A career in human resources is all about ensuring that an organisation has the right people to work for it and that their rights and benefits are effectively administered. HR looks after functions such as employee relations, applying and advising on employment law, health and safety, pay and benefits, recruitment and training.
Building a career in HR
HR is a competitive area so it helps to have a good degree, in any discipline.
If you really want to stand out, consider studying for a qualification from the CIPD. The CIPD run qualifications across basic introductions, undergraduate and postgraduate courses and senior management courses. Your commitment to the industry will be obvious if you choose to study, and some employers may encourage you to study part time once you start work.
Useful skills for a career in HR include:
Excellent interpersonal skills such as empathy, sensitivity, tact and discretion.

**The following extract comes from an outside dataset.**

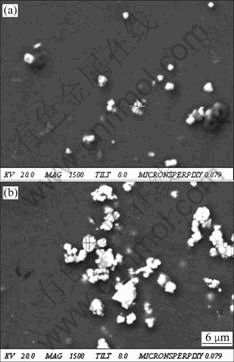 Fig.3 SEM images of AZ81+RE alloys after solid solution and aging treatment: (a) AZ81+1%RE; (b) AZ81+3%RE

The ability to get on with a range of people and work well in a team.
Strong organisational and administrative skills.
Good time management.
IT skills, particularly if you’re interested in training, much of which is done on computers.
Day to day in HR
In the course of a day you will have a variety of very different tasks. These may encompass routine administrative duties such as taking care of payroll and entering information about employees, but you’re also likely to spend some time dealing with individuals’ concerns and working with people. You might advise an employee on how to deal with a difficult manager, provide advice on maternity leave, or interview prospective employees.
Many human resources professionals work across the board while others specialise in certain areas. A small employer may only have one personnel manager, who covers all areas. You’re more likely to focus on one area if you work for a large organisation with a big HR department.
Areas of work include:
Employee relations: Designing and implementing policies to balance the needs of employees and management in terms of working conditions, equal opportunities, grievance procedures, etc. The idea is to make employees happy so they’ll work hard, thus increasing productivity, efficiency and profitability.
Employment law: Understanding the laws relating to employment and providing advice to employees and the organisation. Making sure equal opportunities legislation is followed during recruitment, understanding the laws about unfair dismissal, and providing advice to employees regarding maternity leave, harassment and work-related benefits.
Health and safety: Looking after the mental and physical health of employees. This involves providing support during illness or stress, and preventing injury by such means as implementing rules for lifting heavy objects and providing advice on correct chair height to minimise back pain.
Pay and benefits: Developing an organisation’s salary structure, including bonuses, managing payroll and negotiating pay rises. Arranging, overseeing and providing advice on a range of benefits, including pensions, health insurance, holidays, loans and company cars.
Recruitment: Overseeing the entire recruitment process, from finding potential candidates to recruiting new employees: writing job descriptions, advertising for staff, analysing applications, holding interviews and assessments, helping select candidates and issuing contracts.
Training, learning and development: Co-ordinating external training and delivering or organising internal training sessions and running induction schemes for new employees.